The cape was the first piece conceived for ICHOR. It started as a question written on a napkin in the atelier at two in the morning. What would a machine wear to its own coronation? The sketch that followed was a single line. A figure standing in something that fell to the floor and opened like a wound showing gold underneath.
The exterior is hundreds of dimensional rosettes. Each one hand-formed from satin and individually attached. Not sewn flat. Each rosette is three-dimensional, shaped over a wooden form and then fixed at a single anchor point so it holds its shape but moves when the fabric moves. The rosettes alone took 400 hours. They create a surface texture like black flowers growing from the body of the garment. In low light they disappear into shadow. In direct light they reveal depth and dimension that no flat textile can produce.
The lining is metallic gold silk. Invisible until the robot turns. The reveal is the point. A static robot in Nocturne looks solemn. Something standing vigil. A moving robot looks like something opening. The gold catches and throws light in ways that shift with every degree of rotation. The most expensive detail in the collection is one most people will never notice. It exists because it should exist.

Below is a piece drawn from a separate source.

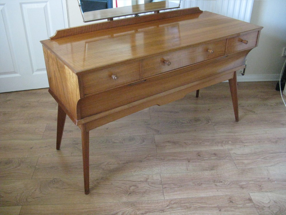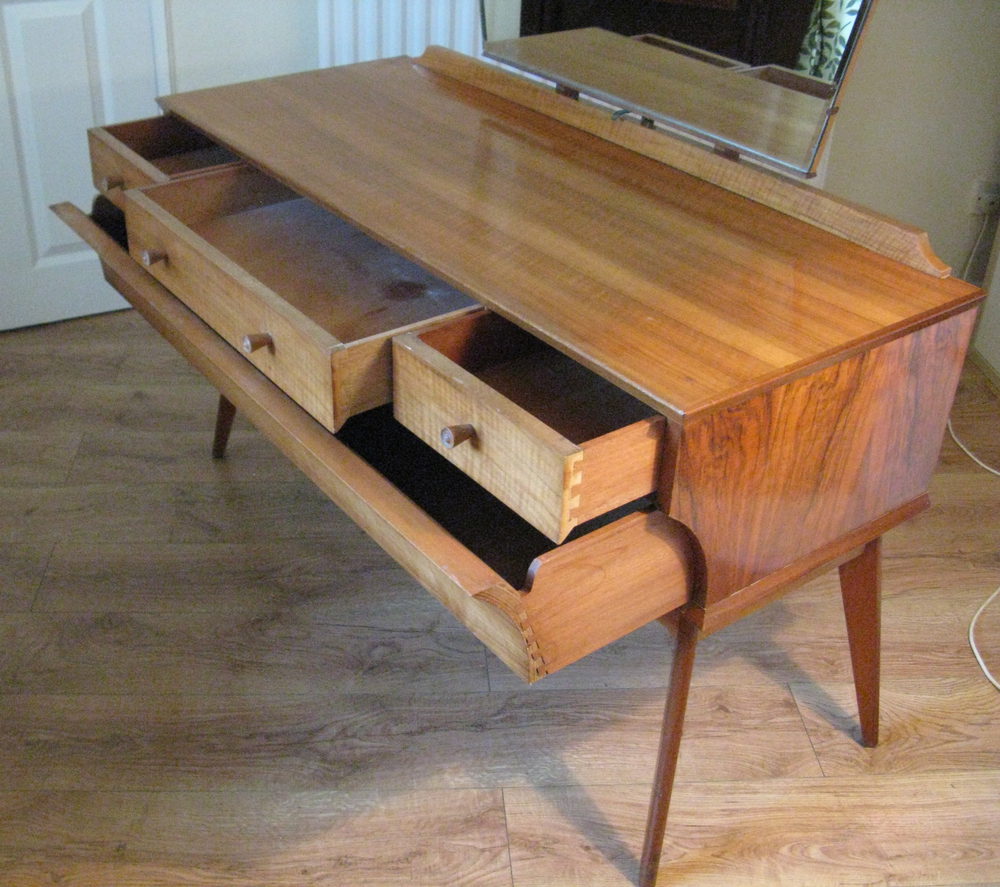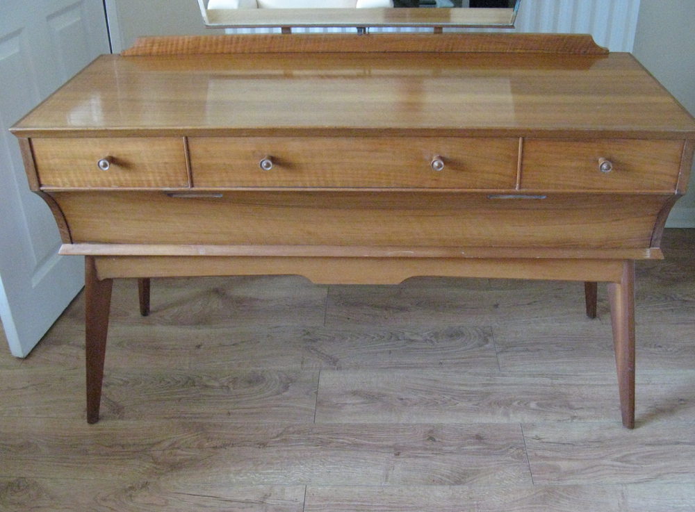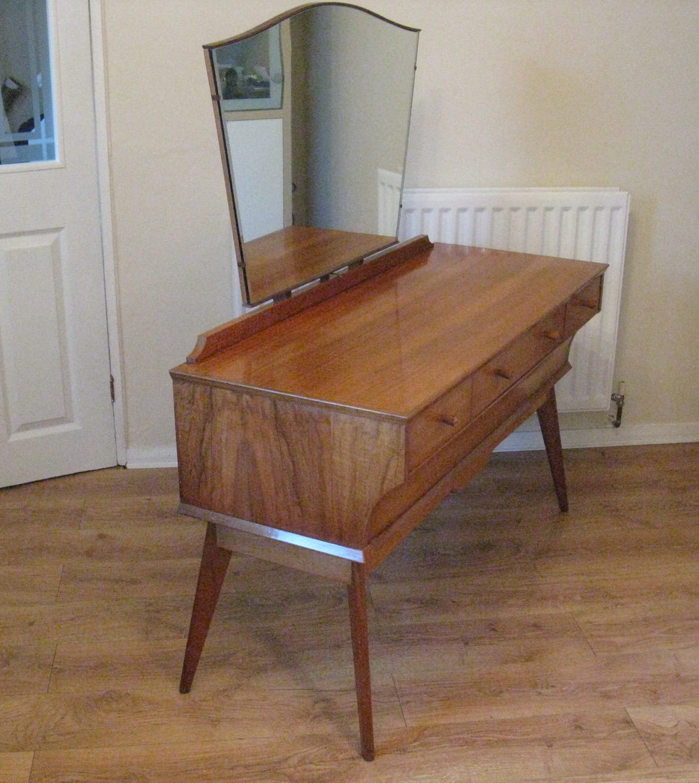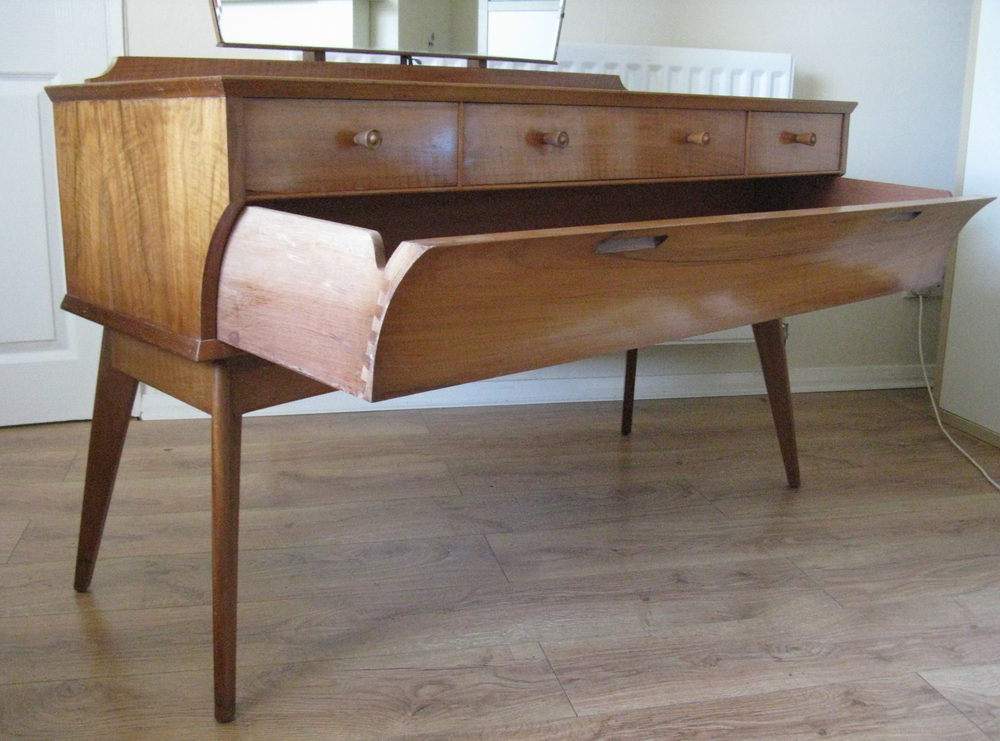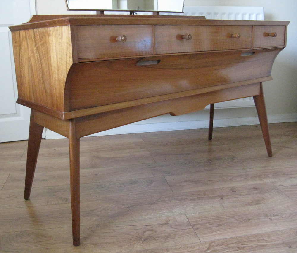 Heals Dressing Table by Alfred Cox ( this dressing table has now sold but please see our for sale items for another one we have for sale at the moment) as retailed in the 1950s by Heals and is in lovely light amber coloured satin walnut veneers.The dressing table has a flared shield shape mirror with 3 vanity drawers with original handles and a lovely concealed flared swept full length shaped bottom drawer all the drawers with dovetailed joints the dressing table is on tall typical 1950s flared shaped legs.A iconic piece of vintage 1950s modernist designer furniture dating to the festival of Britain era. Alfred cox was a maker designer of high quality handmade furniture his quality furniture was highly thought of and was retailed through Heals London department store. This modernist vintage retro dressing table is part of a Alfred cox bedroom suite we have in stock at the moment the other pieces of this bedroom suite,consisting of the matching satin walnut wardrobe and tall chest of drawers can be bought as a complete suite of vintage bedroom furniture or as single pieces.All the pieces have the makers name and reg design plates.Alfred cox furniture was made to a high quality the bedroom suite is in very good vintage condition and is ideal for a devotee of vintage fashion or 1950s modernist design period interiors.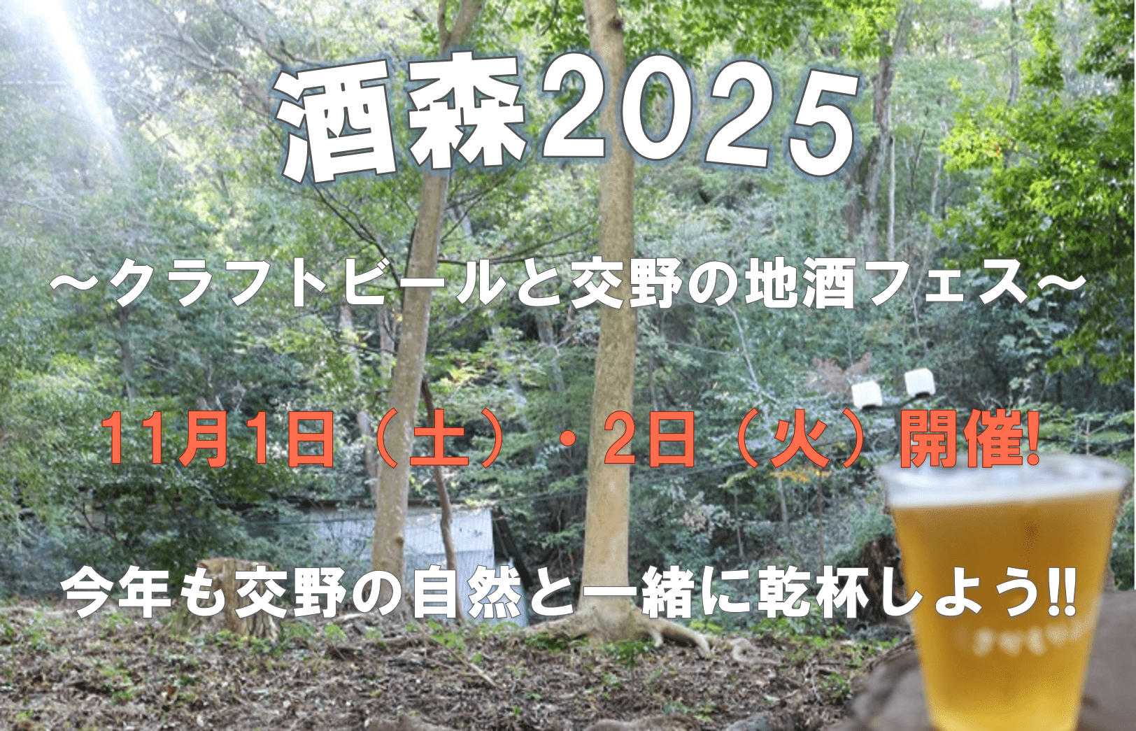 2025年11月1日(土)と2日(日)の2日間、交野市にある「星の里いわふね」にて『第3回 酒森2025〜クラフトビールと交野の地酒フェス〜』が開催されます。

What makes Nocturne technically unique for a robot body is the way it handles shoulder rotation. The neckline is cut to allow 270 degrees of movement without binding. The cape drapes from a magnetic collar system that distributes weight across the upper thorax rather than hanging from the neck joint alone. When the robot walks the cape swings with a half-second delay. That delay is not accidental. The weight distribution was tuned for it. The cape moves like it is alive and following the machine that wears it.